+++ AVAILABLE DATA +++

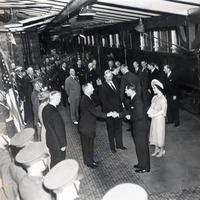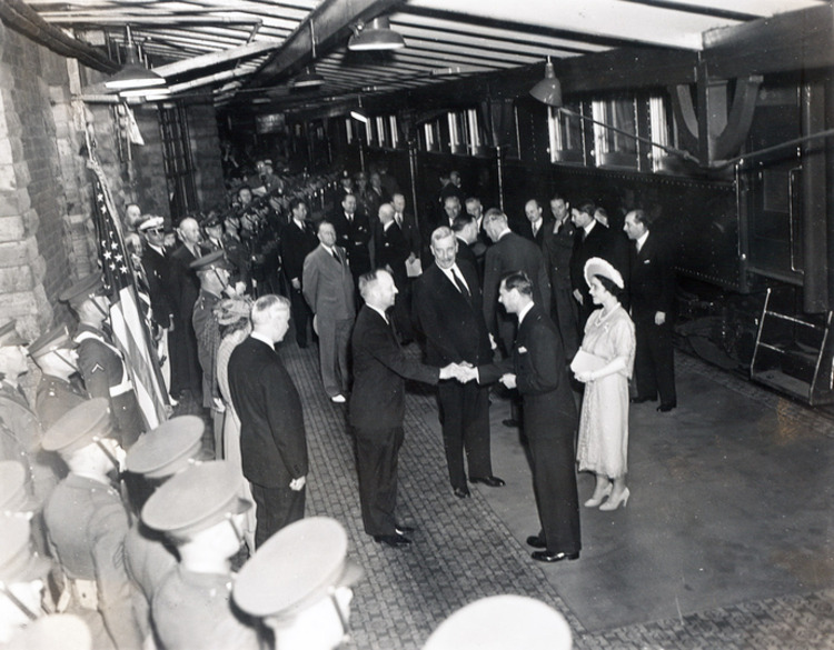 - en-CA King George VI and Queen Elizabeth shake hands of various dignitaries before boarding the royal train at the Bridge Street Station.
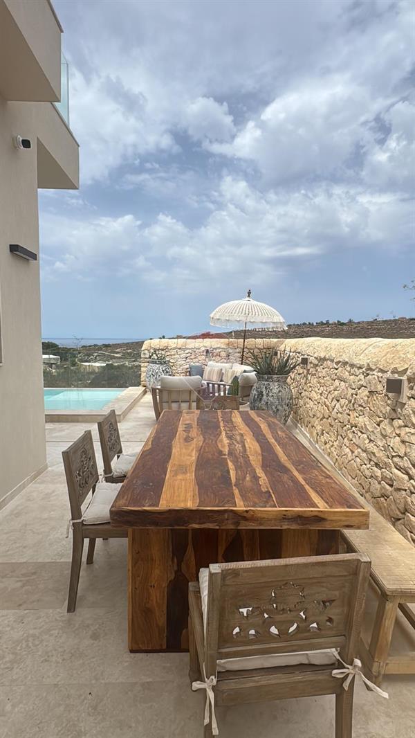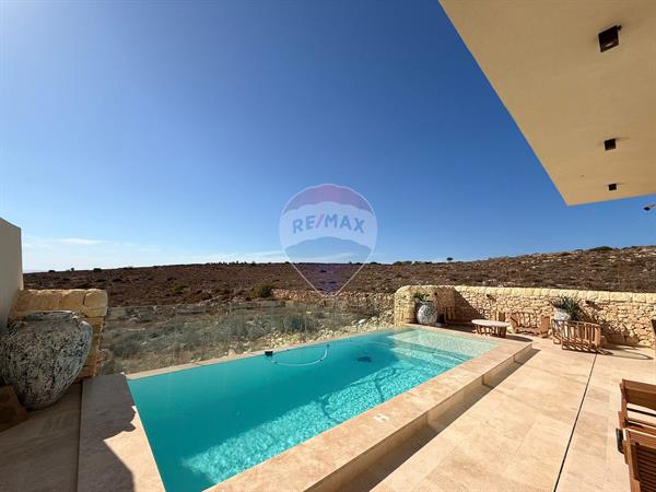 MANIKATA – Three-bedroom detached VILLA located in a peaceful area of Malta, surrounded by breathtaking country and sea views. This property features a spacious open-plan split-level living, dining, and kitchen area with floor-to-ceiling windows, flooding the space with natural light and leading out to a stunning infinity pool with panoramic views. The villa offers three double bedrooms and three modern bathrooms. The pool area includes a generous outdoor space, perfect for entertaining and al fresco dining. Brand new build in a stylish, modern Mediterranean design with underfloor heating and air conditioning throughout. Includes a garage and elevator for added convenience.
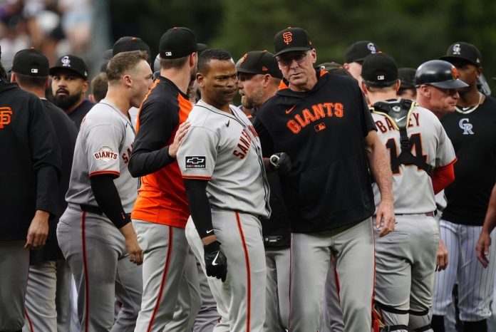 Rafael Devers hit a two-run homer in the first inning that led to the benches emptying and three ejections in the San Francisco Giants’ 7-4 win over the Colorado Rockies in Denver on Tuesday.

+++

» **INSTRUCTIONS FOR THE TASK**
Every line above has to be output exactly; the pictures must be dropped.

» **RESPONSE TO THIS EXERCISE**
 - en-CA King George VI and Queen Elizabeth shake hands of various dignitaries before boarding the royal train at the Bridge Street Station.
 MANIKATA – Three-bedroom detached VILLA located in a peaceful area of Malta, surrounded by breathtaking country and sea views. This property features a spacious open-plan split-level living, dining, and kitchen area with floor-to-ceiling windows, flooding the space with natural light and leading out to a stunning infinity pool with panoramic views. The villa offers three double bedrooms and three modern bathrooms. The pool area includes a generous outdoor space, perfect for entertaining and al fresco dining. Brand new build in a stylish, modern Mediterranean design with underfloor heating and air conditioning throughout. Includes a garage and elevator for added convenience.
 Rafael Devers hit a two-run homer in the first inning that led to the benches emptying and three ejections in the San Francisco Giants’ 7-4 win over the Colorado Rockies in Denver on Tuesday.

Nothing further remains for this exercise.